What the task requires: Starting with the first line of the data below, copy each line up to and including the one containing "从水收集杂物工艺必需的设备。". Pictures stay out.

Items listed in a dataset

§

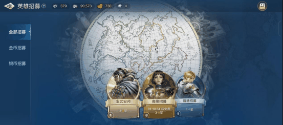 首先,游戏中的招募方式,共分为高级招募、普通招募和其他招募三种,分别对应消耗游戏中金币、银币和文明招募令三种不同的货币资源。其中,高级招募和其他招募均可招募到3~5星级的英雄,普通招募则只能招募到1~3星的英雄。
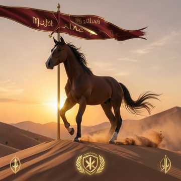 Majestic Gulf-style male vocals over rich tribal percussion, layered oud and qanun answering the melody. Tempo mid-paced with a proud march feel, big group chants on the name in the hook, subtle strings swelling in the chorus for drama, ending on a unison held note and a final drum flourish.
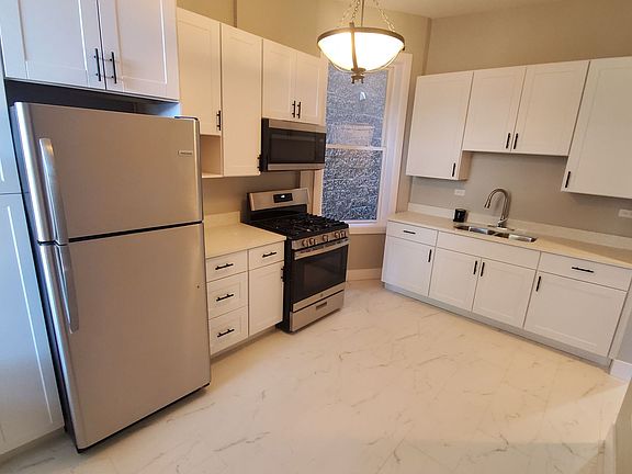 Beautifully renovated 2 Bedroom in North Lawndale. Brand new finishes throughout. Hardwood floors, granite counters, stainless appliances and more. Living room with gorgeous fireplace and huge dining area. Shared yard. Garage parking for additional $50 per month. Central heat and a/c. Alarm system. Close to Douglass Park, restaurants and CTA buses. Laudromat around the corner. Please note: the video is of unit 3, but all units in the building have similar layout, features and finishes. Unit 1 is a bit larger than unit 3.
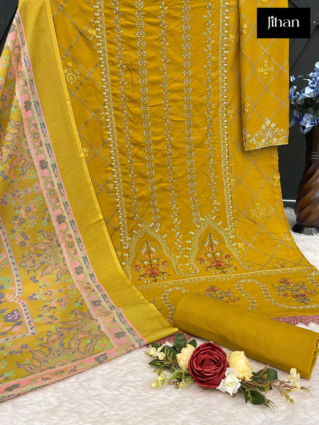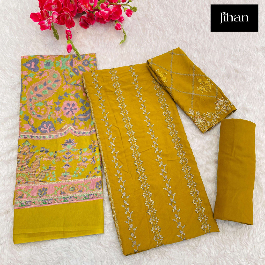 Jihan D No 3449 Cotton Dyed With Heavy Kasmiri Self Embroidery Fancy Salwar Kameez
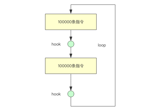 下面我就要开始揭秘 kill 的原理了,lua 脚本引擎功能太强大了,它提供了各式各样的钩子函数,它允许在内部虚拟机执行指令时运行钩子代码。比如每执行 N 条指令执行一次某个钩子函数,Redis 正是使用了这个钩子函数。
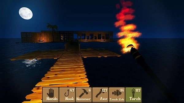 从水收集杂物工艺必需的设备。构建斧子,锤子,绳子和其他的东西来创建新的墙壁,柱子,候车亭。展开你的木筏和为自己创造一个更舒适的生活。
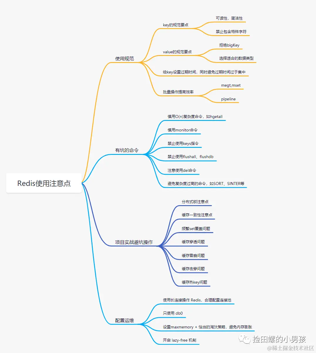 最近在学习Redis相关知识,看了阿里的redis开发规范,以及Redis开发与运维这本书。分使用规范、有坑的命令、项目实战操作、运维配置四个方向,整理了使用Redis的21个注意点,希望对大家有帮助,一起学习哈!
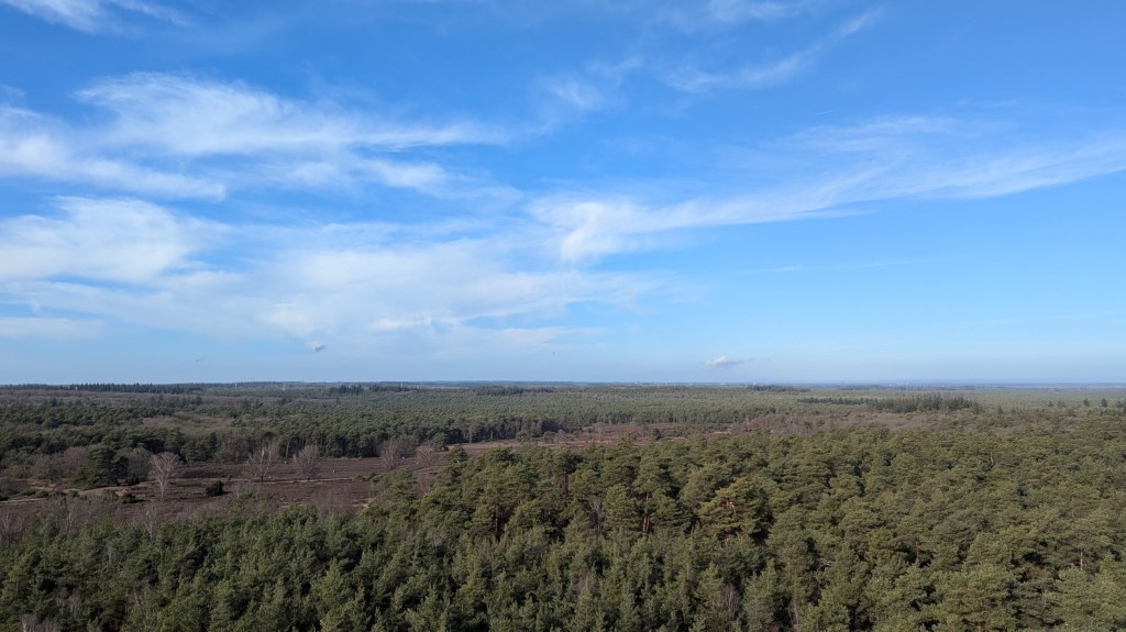 Boven aangekomen kon je heel ver kijken, al was het niet helemaal helder, op het bord stond dat je dan Zutphen, Deventer en Apeldoorn kan zien liggen.
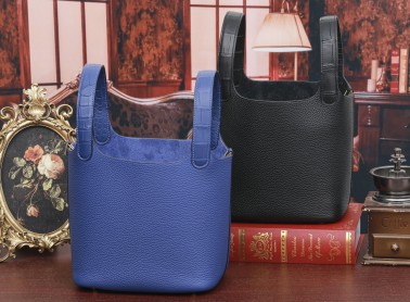 マット加工ワニ革&牛革 拼接 手提げカゴ型バッグ 3331H-TC
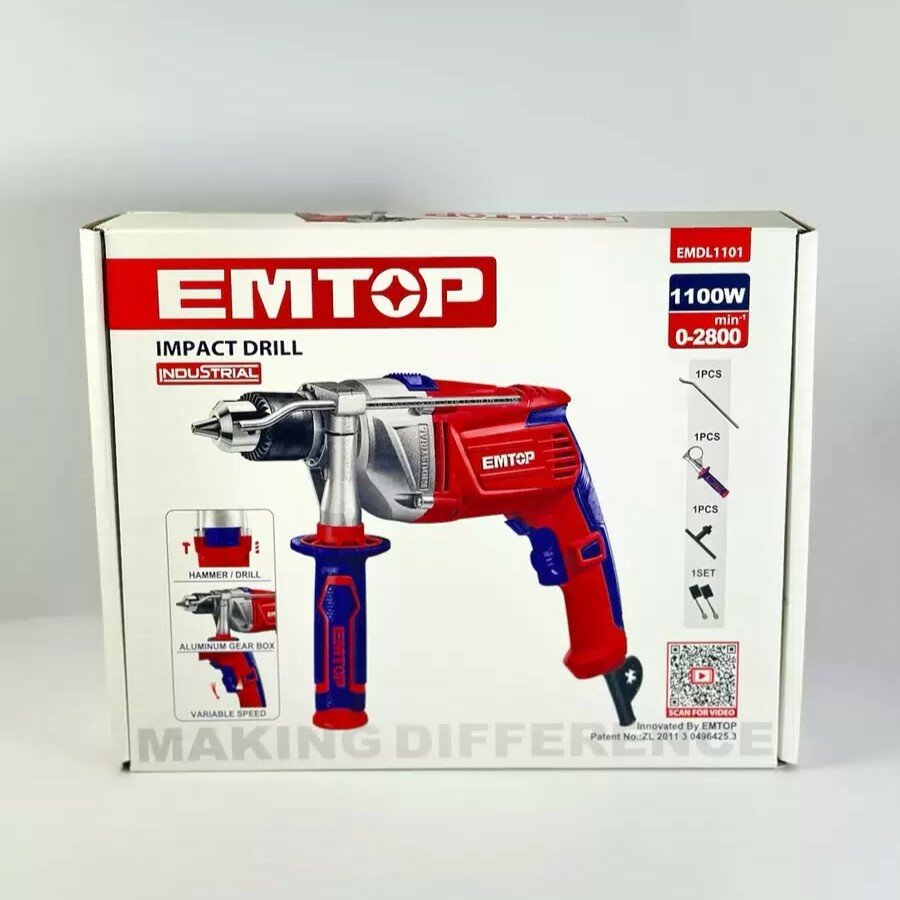 Электрическая ударная дрель 1100 Вт, (коробка) EMTOP шкала глубины сверления+дополнительная рукоять интересное:

§

Output for this task:
 首先,游戏中的招募方式,共分为高级招募、普通招募和其他招募三种,分别对应消耗游戏中金币、银币和文明招募令三种不同的货币资源。其中,高级招募和其他招募均可招募到3~5星级的英雄,普通招募则只能招募到1~3星的英雄。
 Majestic Gulf-style male vocals over rich tribal percussion, layered oud and qanun answering the melody. Tempo mid-paced with a proud march feel, big group chants on the name in the hook, subtle strings swelling in the chorus for drama, ending on a unison held note and a final drum flourish.
 Beautifully renovated 2 Bedroom in North Lawndale. Brand new finishes throughout. Hardwood floors, granite counters, stainless appliances and more. Living room with gorgeous fireplace and huge dining area. Shared yard. Garage parking for additional $50 per month. Central heat and a/c. Alarm system. Close to Douglass Park, restaurants and CTA buses. Laudromat around the corner. Please note: the video is of unit 3, but all units in the building have similar layout, features and finishes. Unit 1 is a bit larger than unit 3.
 Jihan D No 3449 Cotton Dyed With Heavy Kasmiri Self Embroidery Fancy Salwar Kameez
 下面我就要开始揭秘 kill 的原理了,lua 脚本引擎功能太强大了,它提供了各式各样的钩子函数,它允许在内部虚拟机执行指令时运行钩子代码。比如每执行 N 条指令执行一次某个钩子函数,Redis 正是使用了这个钩子函数。
 从水收集杂物工艺必需的设备。构建斧子,锤子,绳子和其他的东西来创建新的墙壁,柱子,候车亭。展开你的木筏和为自己创造一个更舒适的生活。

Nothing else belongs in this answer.